On February 26, 1980, appellants filed this action to set aside the suspension and enjoin GSA from precluding them from bidding on GSA contracts and to prevent the award of the Cincinnati contract to others. They assert that the regulations of the General Services Administration relating to suspension of contractors are violative of due process, since under the circumstances of this case appellants can be prohibited from bidding and being awarded GSA contracts for up to 18 months without being afforded a hearing. Further, they charge the notices of the reasons for suspension are so deficient that they amount to no notice at all, a further denial of due process. Transco-Ohio also requested damages.
Section 1-1.605-1 of the Public Contracts, Property Management, Federal Procurement Regulations, (41 C.F.R. Sec. 1-1.605-1 (1975)) provides:
(a) An agency may, in the interest of the Government, suspend a firm or individual:
(1) Suspected, upon adequate evidence, of
(i) Commission of fraud or a criminal offense as an incident to obtaining, attempting to obtain, or in the performance of a public contract.

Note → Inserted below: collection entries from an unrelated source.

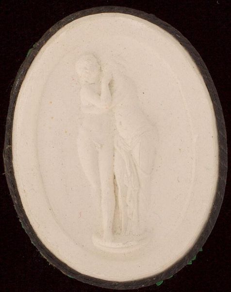 Editor: This is a tiny intaglio, "Sleeping Hermaphrodite, after antiquity", made by the Pichler family. I’m struck by how such a small object carries such a weighty, complex subject. What symbols do you see at play here? Curator: The figure, caught in slumber, evokes vulnerability. But "Hermaphrodite" itself is loaded; it speaks to a blurring of boundaries, a fusion of masculine and feminine. How does this subvert traditional ideas about identity? Editor: I never considered that! The figure, in its peacefulness, seems to challenge those strict divisions. It’s thought-provoking to see such concepts rendered in miniature. Curator: Indeed, it suggests that even in the smallest of forms, the most profound cultural dialogues can take place. Editor: This piece invites us to reconsider how we define ourselves, even today.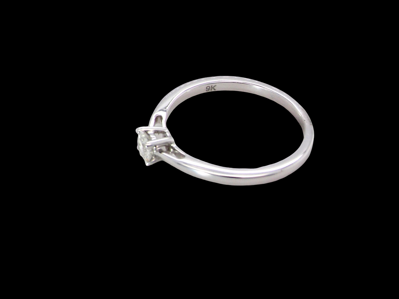 The diamond measures just under a quarter of a carat, colour G-h, clarity Si. Simply set into four claws, 9 carat white gold, with a British hallmark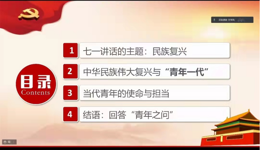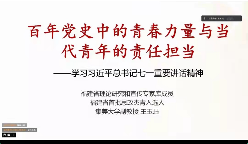 10月22日,学院通过线上举办《习近平总书记在庆祝大会上重要讲话精神——百年党史中的青春力量与当代青年的责任担当》专题讲座。本次讲座特邀马克思主义学院王玉珏副教授主讲,由院党委书记王小军主持,学院全体教职工、党员、学生听取了讲座。
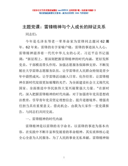 / 主题党课:雷锋精神与个人成长的辩证关系
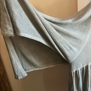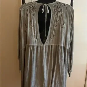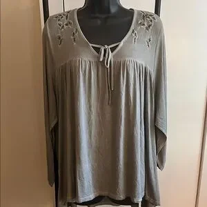 Beautiful boho fall top in a warm gray with leaf embroidery and open back, buttery soft, unique sleeves that are open on the bottom. Labeled a Medium but oversized at approx 26” PTP so listed as XL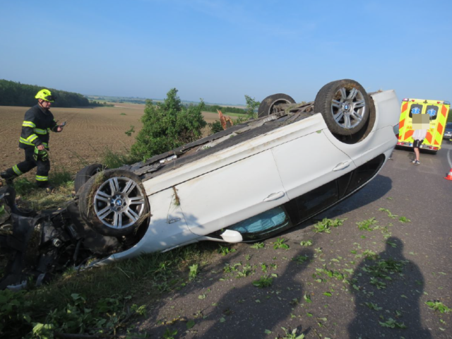 Zřejmě se nevěnovala řízení a skončila s bavorákem na střeše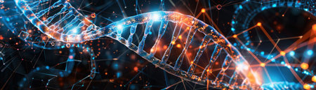 An intricate close-up view displays advanced genetic structures interconnected in a futuristic design. The molecular patterns highlight the beauty of science and technology.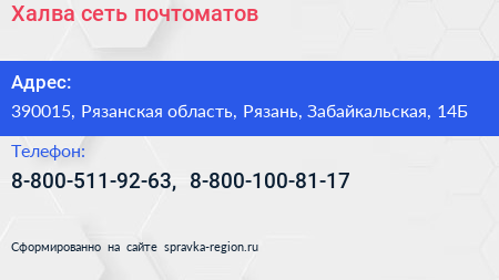 Халва, сеть почтоматов по адресу 390015, Рязанская область, Рязань, Забайкальская, 14Б в дальнейшем Организация, размещена в следующих категориях: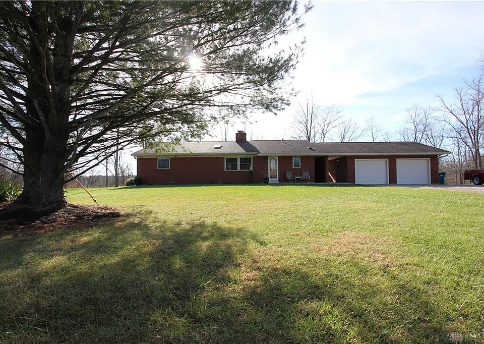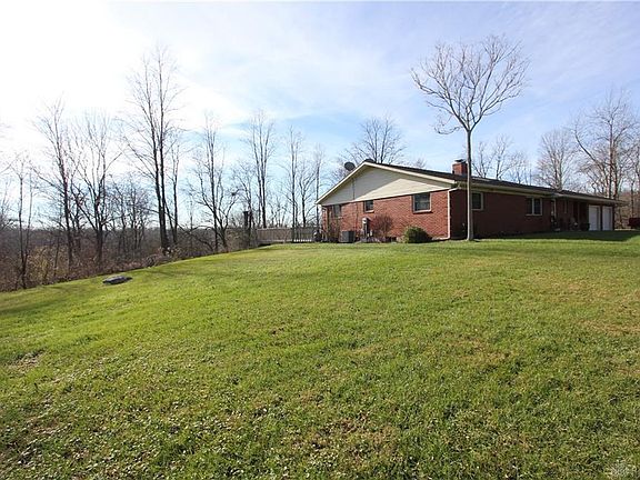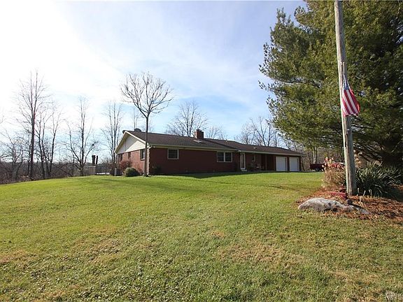 Nice and private 4.27 location that you will love! Brick ranch with open floor plan, 4 bedrooms, 2 full baths, 2.5 car garage and a finished basement with an in ground pool located on 4.27 acres of land with rolling hills and loads of trees! Covered front porch leads into the entry and great room with wood burning fireplace that opens to dining room and updated eat in kitchen all with cathedral ceilings. Off the great room is a covered porch and steps down to the 20x40 pool with a nice large deck. Master offers own full bath and there are 3 more bedrooms and another full bath. The walkout basement features a media room, family room, rec room, storage area and workshop! Home also has an additional garage/storage. Many updates throughout home including: roof, HVAC, windows, water heater, refrigerator, cooktop, counter tops, gutters/downspouts, pool liner, water softener, flooring, paint, light fixtures, fans, front and storm doors, garage door and openers! Great home and amenities!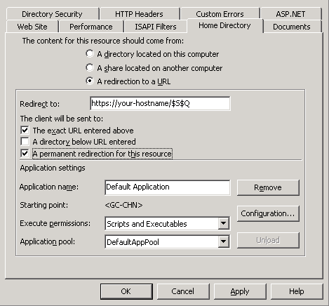 打开IIS -〉站点属性 -〉主目录 -〉选择“重定向到URL” -〉填写https://your-hostname/$S$Q” -〉勾选“资源的永久重定向”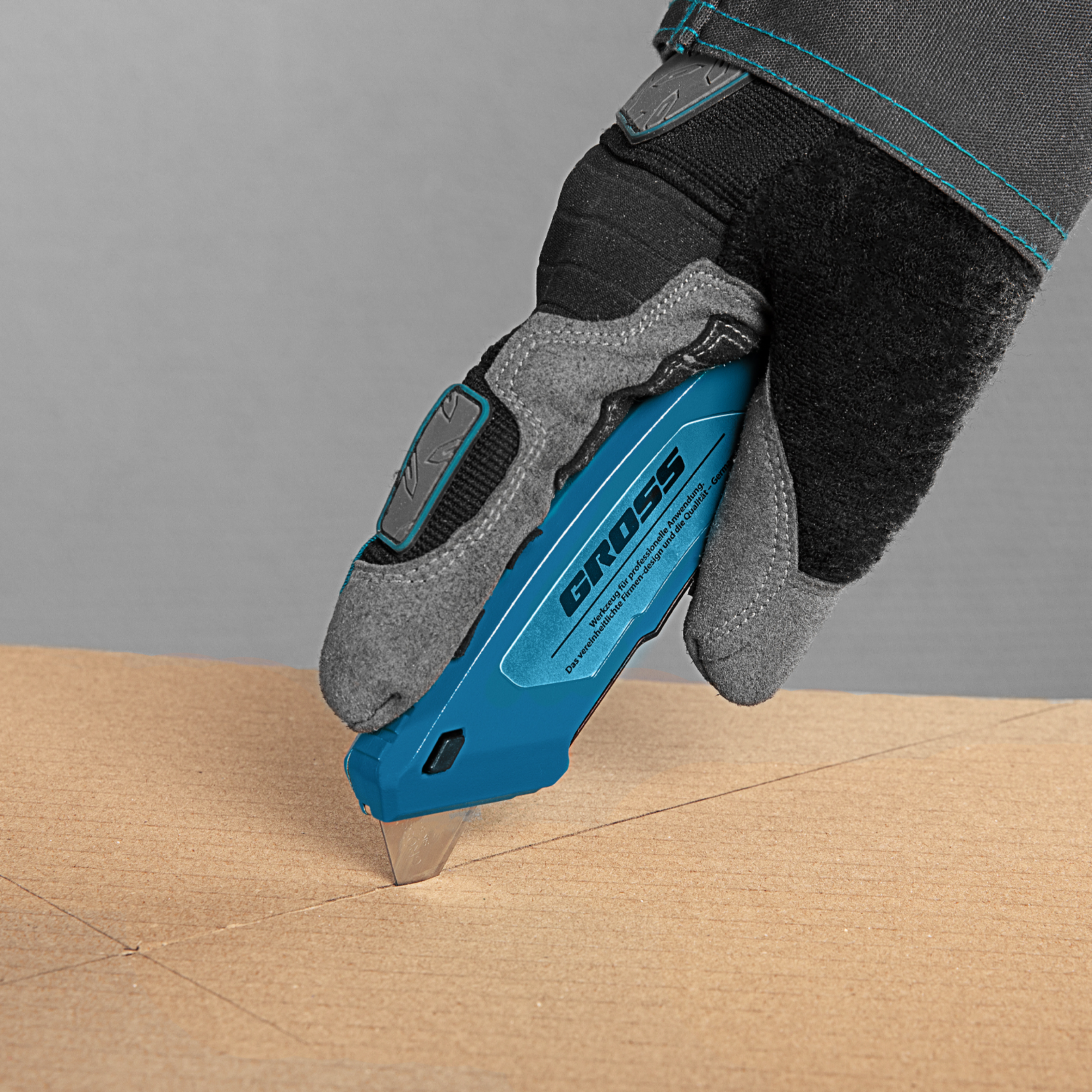 Нож Gross 78899 из стали SK-5, длиной 130 мм, с алюминиевым корпусом, выдвижным трапециевидным лезвием шириной 18 мм, клипсой для ремня и 4 лезвиями, — профессиональный инструмент для разрезания картона, линолеума, обоев, кожи и других мягких материалов. Благодаря алюминиевому корпусу он отличается повышенной прочностью и коррозионной стойкостью, выдерживает длительное и частое использование. Нож будет полезен при проведении ремонтных и отделочных работ, подойдет и для бытового использования.
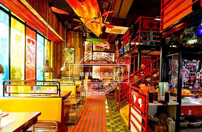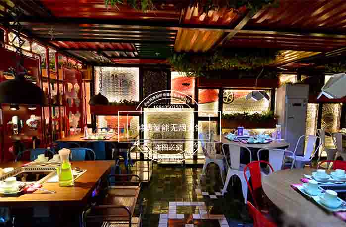 店內(nèi)采用許多年輕元素,時(shí)尚活力涂鴉,餐廳處處充滿趣味格調(diào)和時(shí)尚新鮮感,給顧客營(yíng)造一種輕松愉快的環(huán)境。在這吃火鍋你不用擔(dān)心油煙味,因?yàn)樗x用了韓博智能無(wú)煙火鍋設(shè)備,節(jié)能、安全、高檔、環(huán)保,油煙去除率高達(dá)99%。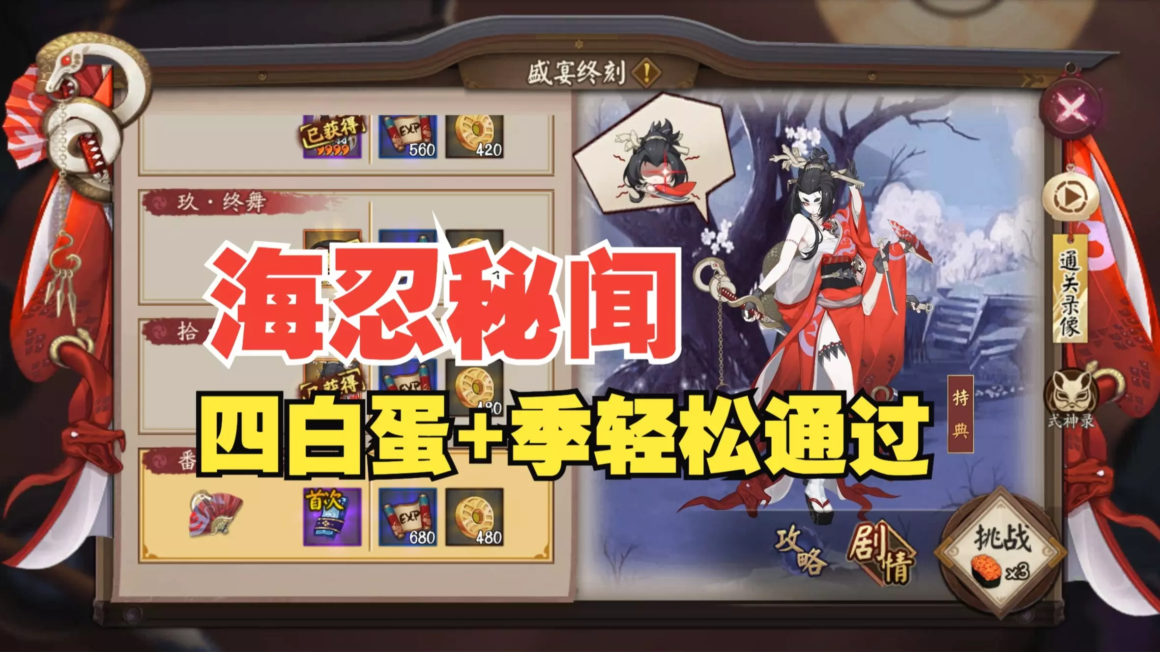 简介真牛(看到发弹幕,我祝您全家幸福) 白蛋的用意,这里的非常有必要说一下:白蛋仅仅是最恶劣没有任何式神又想通关秘闻的情况,如果你有其他式神可以上高生命式神替换…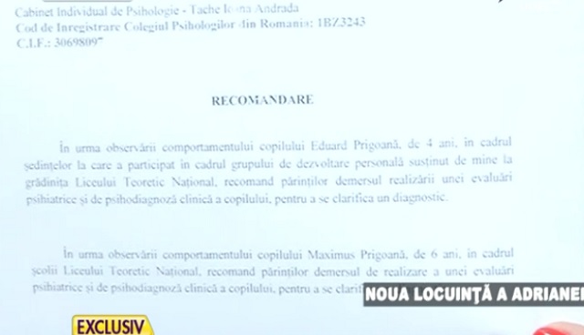 Potrivit unei evaluări de un psiholog, cei doi copii ai Adrianei Bahmuţeanu au nevoie de un consilier psihologic, din cauza traumelor suferite.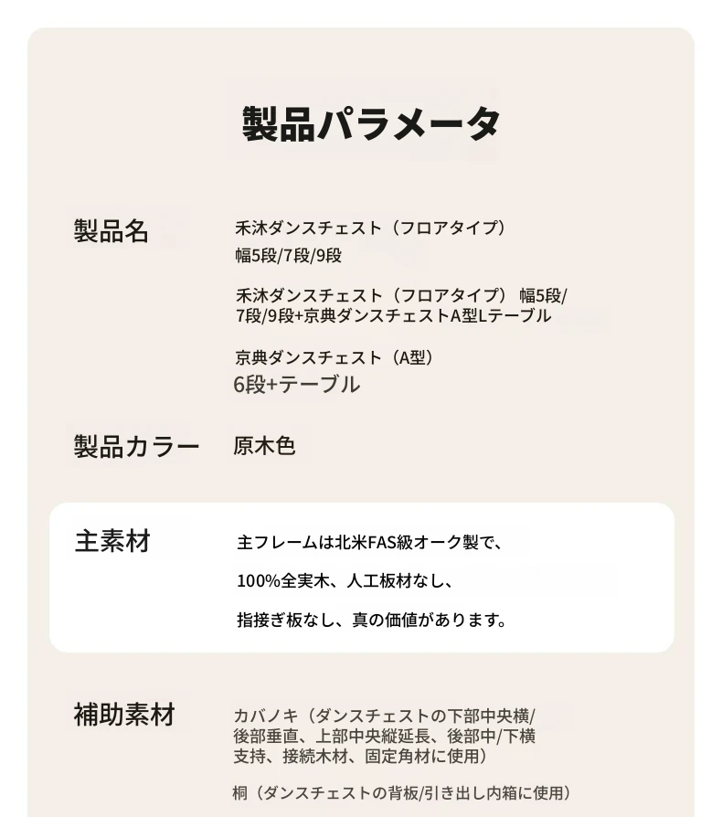 【オーク-ナチュラル】禾沐ダンス(フロア)-幅五段 850*400*920mm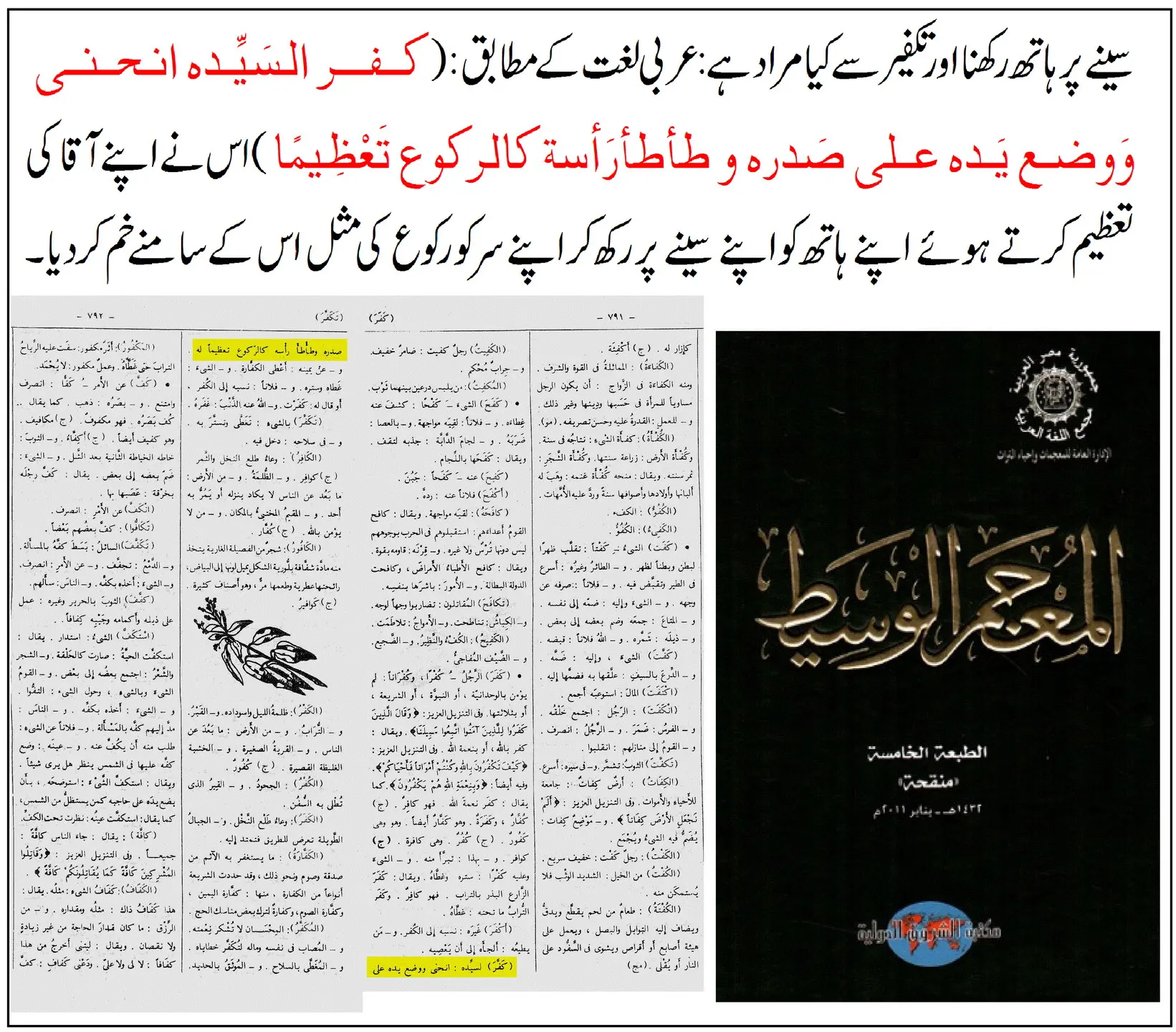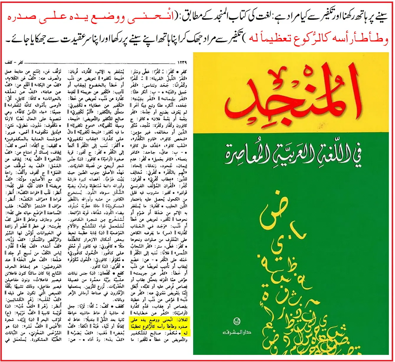 📌 ان تمام نصوص سے واضح ہے کہ لغت میں "تکفیر” غیر اللہ کی تعظیم کے لیے جھکنے اور ہاتھ سینے پر رکھنے کو کہا جاتا ہے، اور یہ ممانعت نماز میں اللہ کے لیے ہاتھ رکھنے پر منطبق نہیں ہوتی۔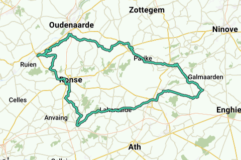 Fahrt von Kluisbergen zur Mauer in Geraardsbergen. Weiter in Richtung Enghien, um über Lessines zurück nach Ronse und Kuisbergen zu fahren.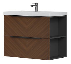 Equil Тумба под раковину Forest 80 2 ящика подвесная орех/графит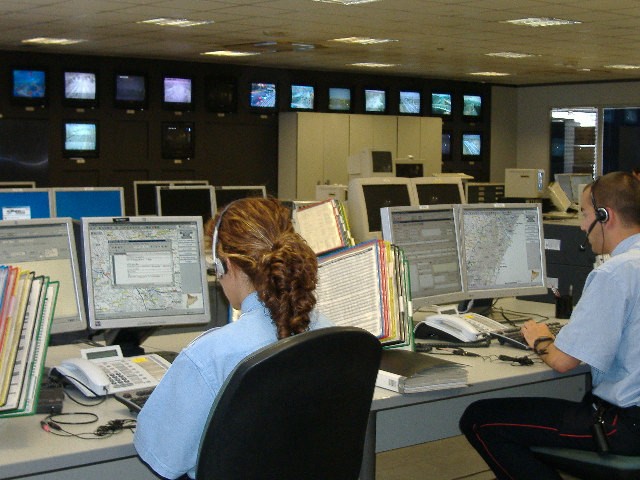 Departament d'Interior (2006-09-29)Fotografia de la sala central de l'oficina dels Mossos d'Esquadra, on apareix un Mosso d'Esquadra assegut d'esquenes davant diverses pantalles mentre parla per telèfon. -

This regulation also permits suspension for violation of various criminal statutes and for other causes of a "serious and compelling nature." Section 1-1.605-2 provides that the suspension shall be for a temporary period pending the completion of an investigation and legal proceedings that may ensue. If no prosecution is initiated by the Department of Justice within 12 months from the date of a notice of suspension, the suspension must be terminated, unless an Assistant Attorney General requests continuance of the suspension in which case it may be continued for an additional six months. The regulations further provide for notice in general terms of the nature of the irregularities on which the suspension is based. 41 C.F.R. 1-1.605-3(a). Except in those cases in which the suspension is based on an outstanding indictment, the suspended bidder may request a hearing upon receipt of the notice of suspension. The General Services Administration is, however, required to secure formal advice of the Department of Justice concerning the impact of release of evidentiary material on possible civil or criminal action before conducting a hearing. Under certain circumstances, including those present in the instant case, a hearing may be denied. The regulations provide:
§ 1-1.605-4(e) Hearing denied. If it is determined, based upon the advice received from the Department of Justice or the Department of Labor, that to hold a hearing would adversely affect possible civil or criminal prosecution or possible Labor proceedings against the firm or individual, this determination will be reduced to writing and made a part of the formal record. Notice shall then be furnished to the firm or individual within 20 calendar days after receipt of the request for a hearing that substantial interests of the Government would be prejudiced if a hearing were held but that any information or argument in opposition to the suspension may be presented in person, in writing, or through representation. Any information or argument submitted will be promptly considered by the head of the agency or his authorized representative and, if such action is deemed warranted, the suspension shall be terminated.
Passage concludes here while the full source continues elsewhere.